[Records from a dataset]
☆ ☆ ☆

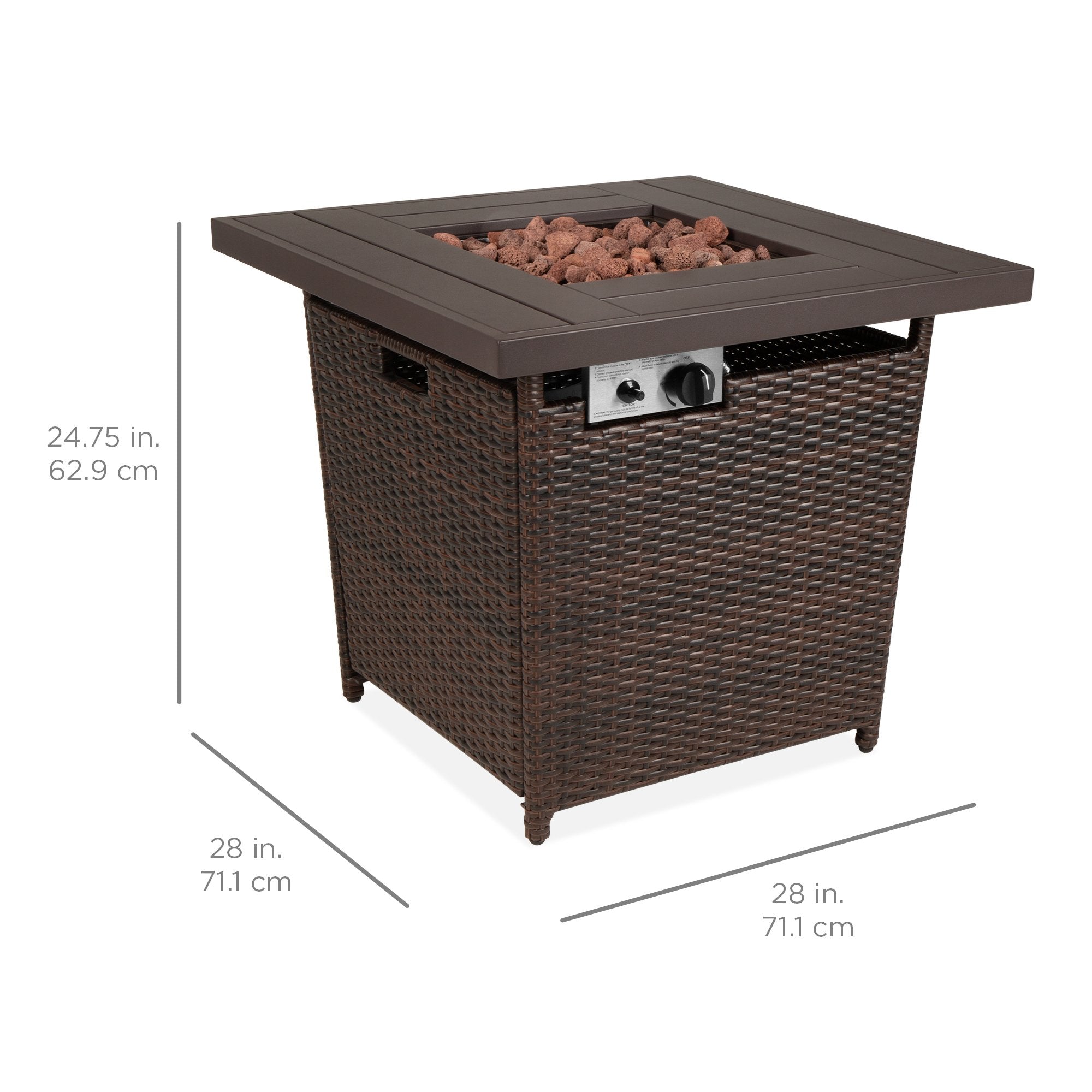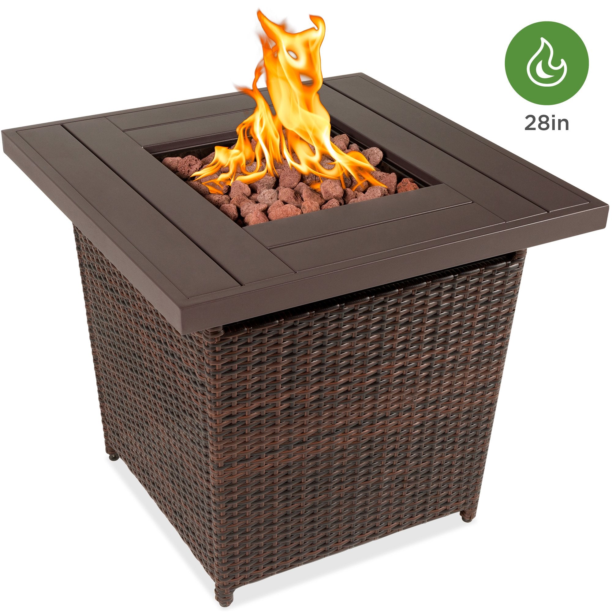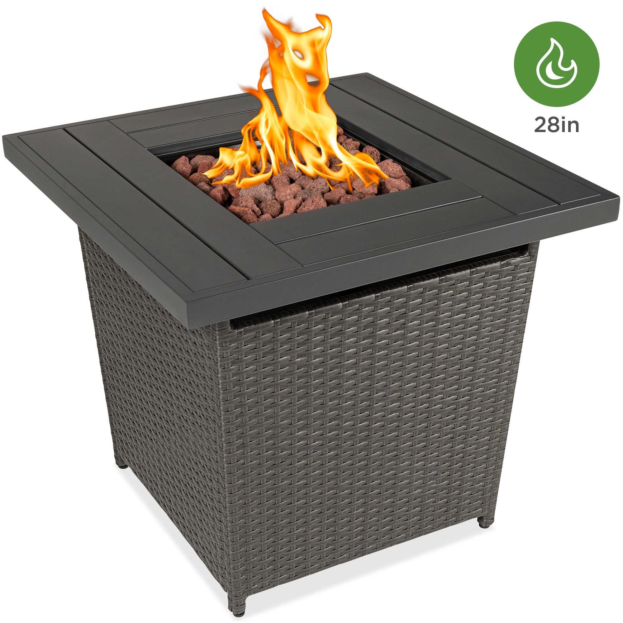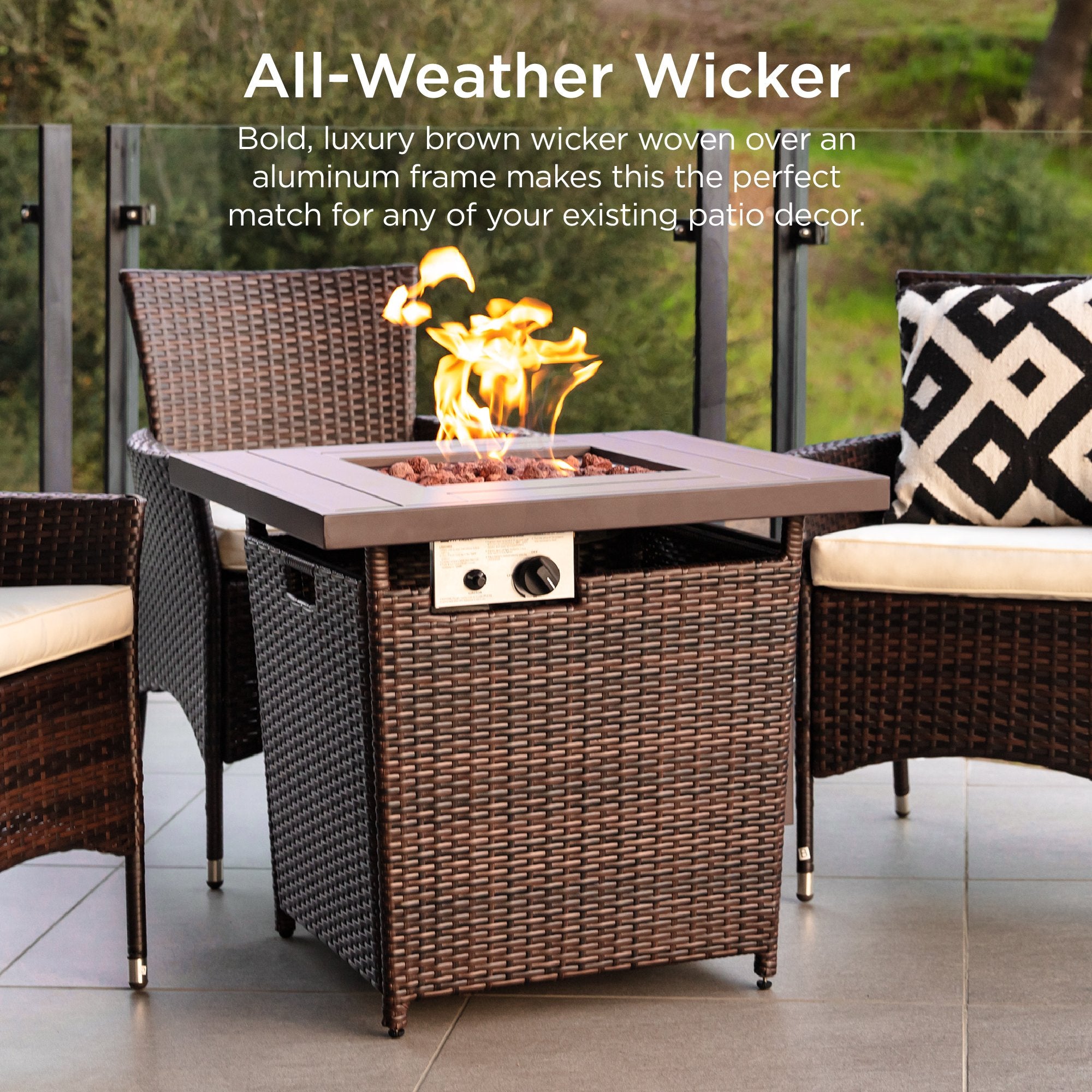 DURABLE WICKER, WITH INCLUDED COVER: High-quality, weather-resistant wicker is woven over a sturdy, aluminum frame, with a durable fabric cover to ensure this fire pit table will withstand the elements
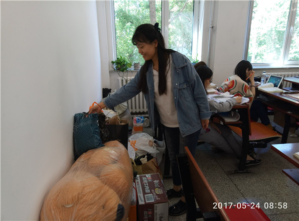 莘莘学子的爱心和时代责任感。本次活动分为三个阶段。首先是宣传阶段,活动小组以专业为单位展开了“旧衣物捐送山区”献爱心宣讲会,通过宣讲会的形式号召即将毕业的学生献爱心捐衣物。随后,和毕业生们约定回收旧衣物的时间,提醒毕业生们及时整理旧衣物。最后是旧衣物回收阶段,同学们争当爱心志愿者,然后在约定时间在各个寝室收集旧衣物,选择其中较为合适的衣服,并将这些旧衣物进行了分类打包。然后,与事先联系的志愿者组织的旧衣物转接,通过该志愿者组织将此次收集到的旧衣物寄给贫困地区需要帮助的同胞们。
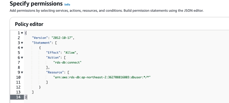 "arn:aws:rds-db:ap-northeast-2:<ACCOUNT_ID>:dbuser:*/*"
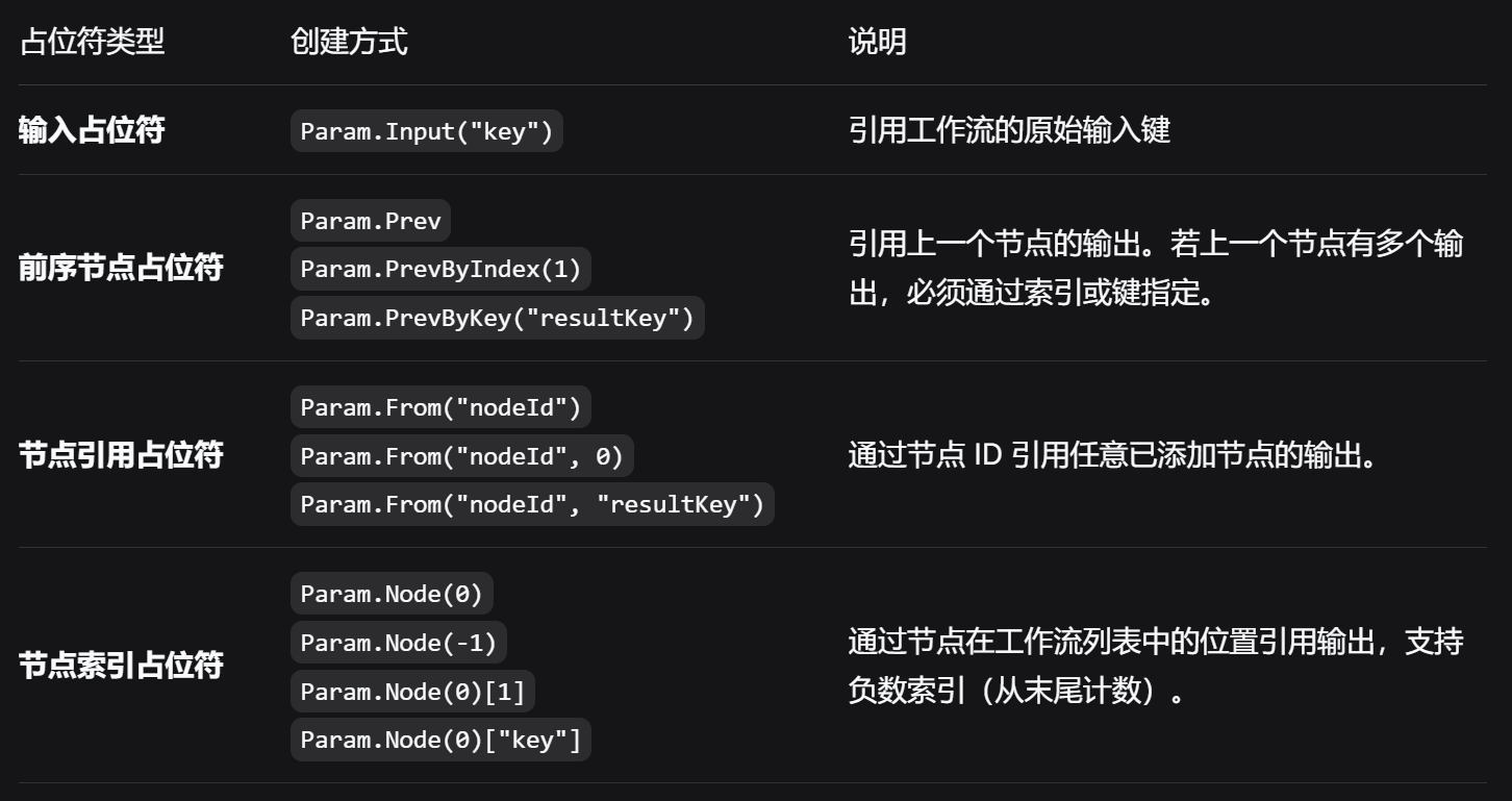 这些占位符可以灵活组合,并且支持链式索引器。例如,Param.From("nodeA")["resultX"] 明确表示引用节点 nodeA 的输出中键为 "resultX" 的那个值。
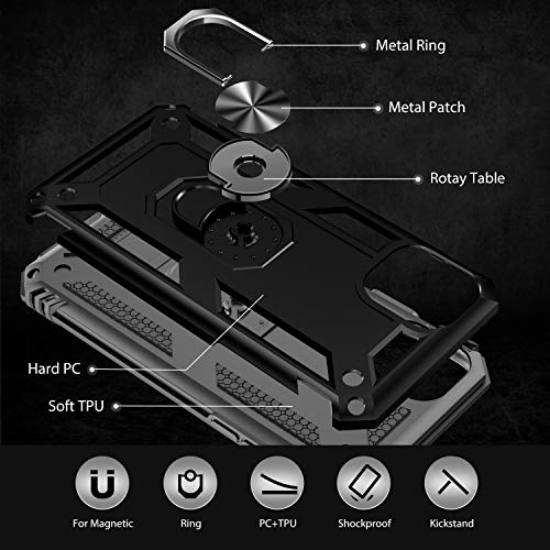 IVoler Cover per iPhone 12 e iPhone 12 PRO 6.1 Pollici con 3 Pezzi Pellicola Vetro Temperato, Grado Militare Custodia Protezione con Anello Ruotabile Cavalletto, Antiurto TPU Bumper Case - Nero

☆ ☆ ☆

§ TASK PROMPT
Transcription of the lines from the one with "莘莘学子的爱心和时代责任感。" through the end of the entries is required, exact and with no pictures.

§ EXERCISE RESULT
 莘莘学子的爱心和时代责任感。本次活动分为三个阶段。首先是宣传阶段,活动小组以专业为单位展开了“旧衣物捐送山区”献爱心宣讲会,通过宣讲会的形式号召即将毕业的学生献爱心捐衣物。随后,和毕业生们约定回收旧衣物的时间,提醒毕业生们及时整理旧衣物。最后是旧衣物回收阶段,同学们争当爱心志愿者,然后在约定时间在各个寝室收集旧衣物,选择其中较为合适的衣服,并将这些旧衣物进行了分类打包。然后,与事先联系的志愿者组织的旧衣物转接,通过该志愿者组织将此次收集到的旧衣物寄给贫困地区需要帮助的同胞们。
 "arn:aws:rds-db:ap-northeast-2:<ACCOUNT_ID>:dbuser:*/*"
 这些占位符可以灵活组合,并且支持链式索引器。例如,Param.From("nodeA")["resultX"] 明确表示引用节点 nodeA 的输出中键为 "resultX" 的那个值。
 IVoler Cover per iPhone 12 e iPhone 12 PRO 6.1 Pollici con 3 Pezzi Pellicola Vetro Temperato, Grado Militare Custodia Protezione con Anello Ruotabile Cavalletto, Antiurto TPU Bumper Case - Nero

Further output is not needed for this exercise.